**WHAT THE TASK ASKS**
Print word for word the first line of the listing below and every line after it, through the line with "4. 操作便捷,进入软件后可". Leave out the pictures and the rest.

**STORED DATA**
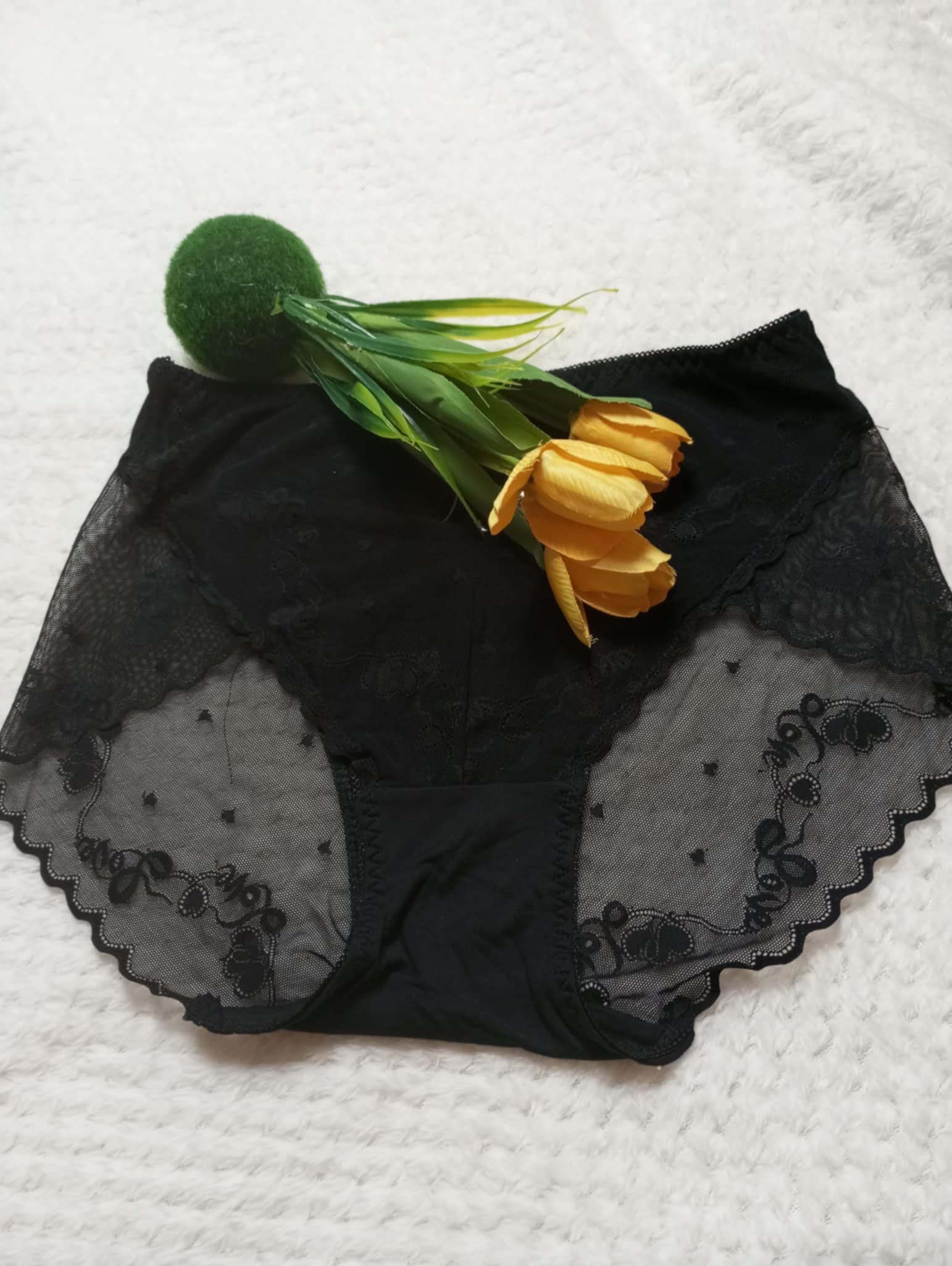 Figi damskie z wyższym stanem. Przód ozdobiony koronką podszytą materiałem. Tył pełen, nie odznaczający się pod lżejszymi ubraniami. Majtki wykonane z delikatnego, miękkiego i przyjemnego dla ciała materiału. Figi lekko ściągają brzuch. Produkt idealny dla osób ceniących jakość i wygodę.
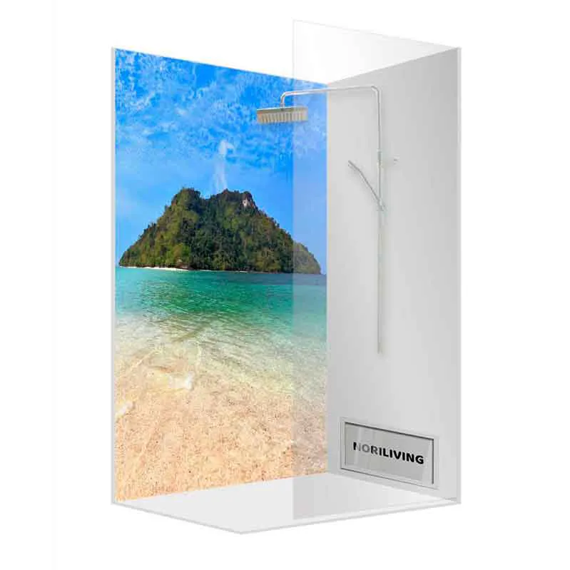 Duschrückwand Einzel | Ecke | Alu magische Insel in der Nähe eines Sandstrandes 218
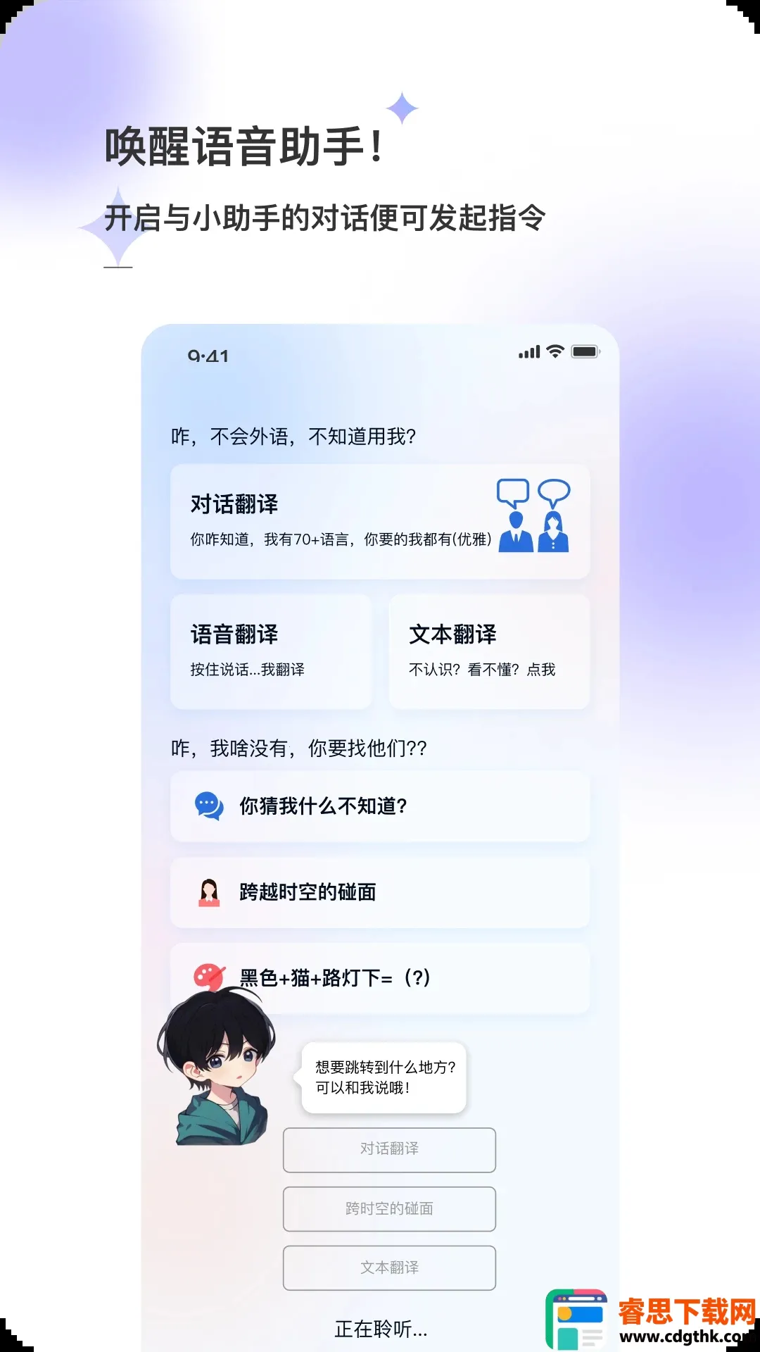 4. 操作便捷,进入软件后可按需选择功能。对话翻译、AI对话等操作简单,能快速实现翻译、问答,还可按需求创作获取专属绘画。
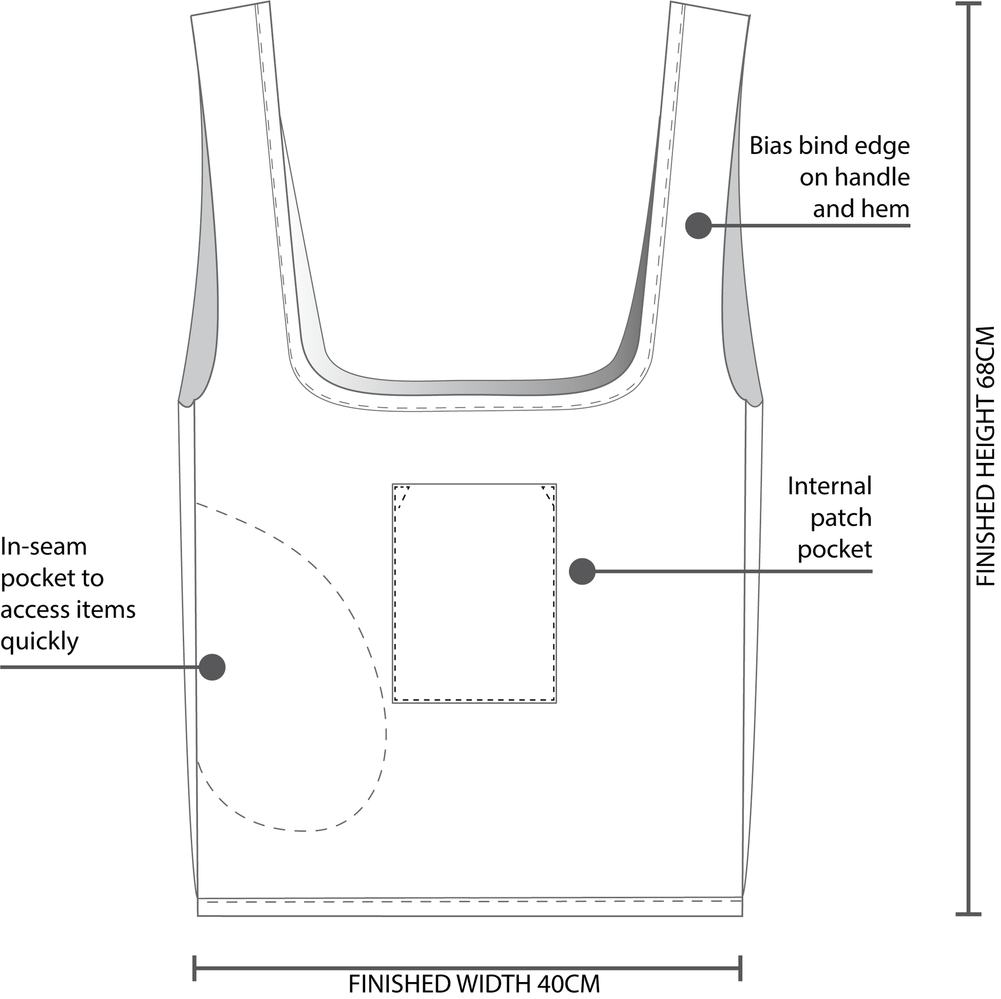 SUITABLE FABRICS: Cotton Poplin, Linen, Cotton/Linen blends, Chambray, denim or stable mid-weight woven fabrics. As a up-cycle option, leftover fabrics can be pieced together to make this bag.

**RESPONSE TO THE TASK**
 Figi damskie z wyższym stanem. Przód ozdobiony koronką podszytą materiałem. Tył pełen, nie odznaczający się pod lżejszymi ubraniami. Majtki wykonane z delikatnego, miękkiego i przyjemnego dla ciała materiału. Figi lekko ściągają brzuch. Produkt idealny dla osób ceniących jakość i wygodę.
 Duschrückwand Einzel | Ecke | Alu magische Insel in der Nähe eines Sandstrandes 218
 4. 操作便捷,进入软件后可按需选择功能。对话翻译、AI对话等操作简单,能快速实现翻译、问答,还可按需求创作获取专属绘画。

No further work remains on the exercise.